Input data.
━━━━━━━━━━━━━━━━

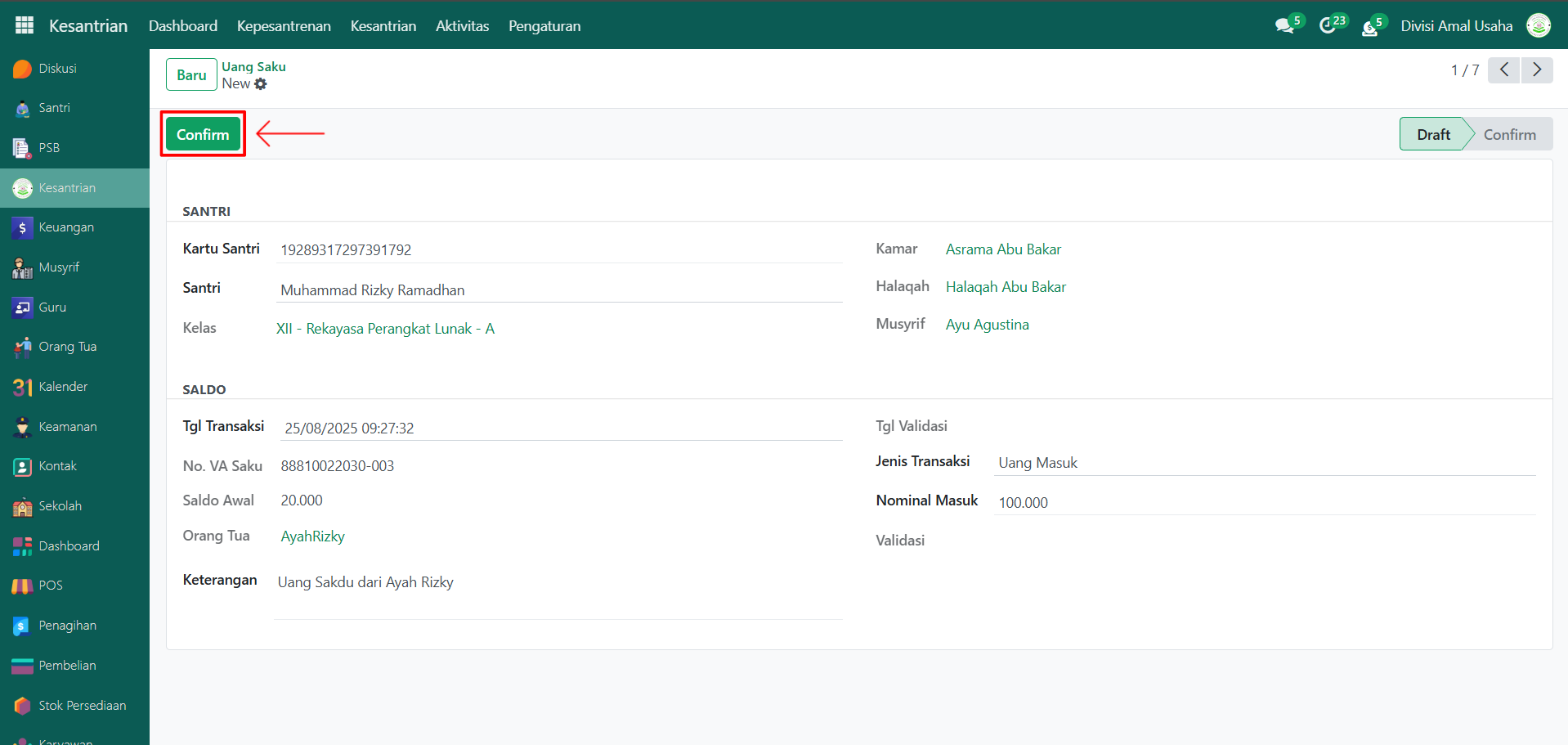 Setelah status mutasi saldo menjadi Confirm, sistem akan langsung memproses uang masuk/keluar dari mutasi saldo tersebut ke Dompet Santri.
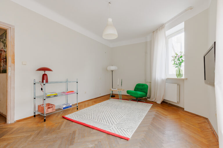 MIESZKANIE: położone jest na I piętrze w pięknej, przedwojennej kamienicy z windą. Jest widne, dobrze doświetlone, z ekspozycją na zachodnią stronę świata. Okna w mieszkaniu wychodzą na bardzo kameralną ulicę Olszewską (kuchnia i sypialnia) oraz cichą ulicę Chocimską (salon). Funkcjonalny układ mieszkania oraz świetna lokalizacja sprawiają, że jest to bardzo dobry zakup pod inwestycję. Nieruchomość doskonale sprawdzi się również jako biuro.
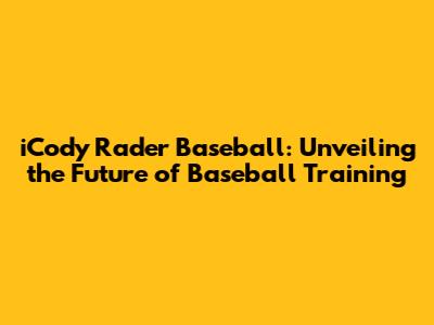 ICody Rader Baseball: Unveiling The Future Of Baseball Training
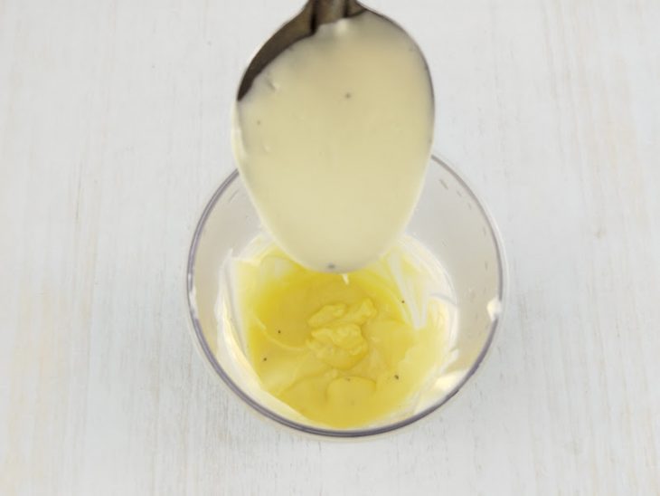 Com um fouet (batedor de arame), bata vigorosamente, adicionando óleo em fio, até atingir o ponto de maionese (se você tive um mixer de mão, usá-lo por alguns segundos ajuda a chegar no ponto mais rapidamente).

━━━━━━━━━━━━━━━━

What you need to do. The response must match the listing exactly, except that pictures are removed.

Finished task.
 Setelah status mutasi saldo menjadi Confirm, sistem akan langsung memproses uang masuk/keluar dari mutasi saldo tersebut ke Dompet Santri.
 MIESZKANIE: położone jest na I piętrze w pięknej, przedwojennej kamienicy z windą. Jest widne, dobrze doświetlone, z ekspozycją na zachodnią stronę świata. Okna w mieszkaniu wychodzą na bardzo kameralną ulicę Olszewską (kuchnia i sypialnia) oraz cichą ulicę Chocimską (salon). Funkcjonalny układ mieszkania oraz świetna lokalizacja sprawiają, że jest to bardzo dobry zakup pod inwestycję. Nieruchomość doskonale sprawdzi się również jako biuro.
 ICody Rader Baseball: Unveiling The Future Of Baseball Training
 Com um fouet (batedor de arame), bata vigorosamente, adicionando óleo em fio, até atingir o ponto de maionese (se você tive um mixer de mão, usá-lo por alguns segundos ajuda a chegar no ponto mais rapidamente).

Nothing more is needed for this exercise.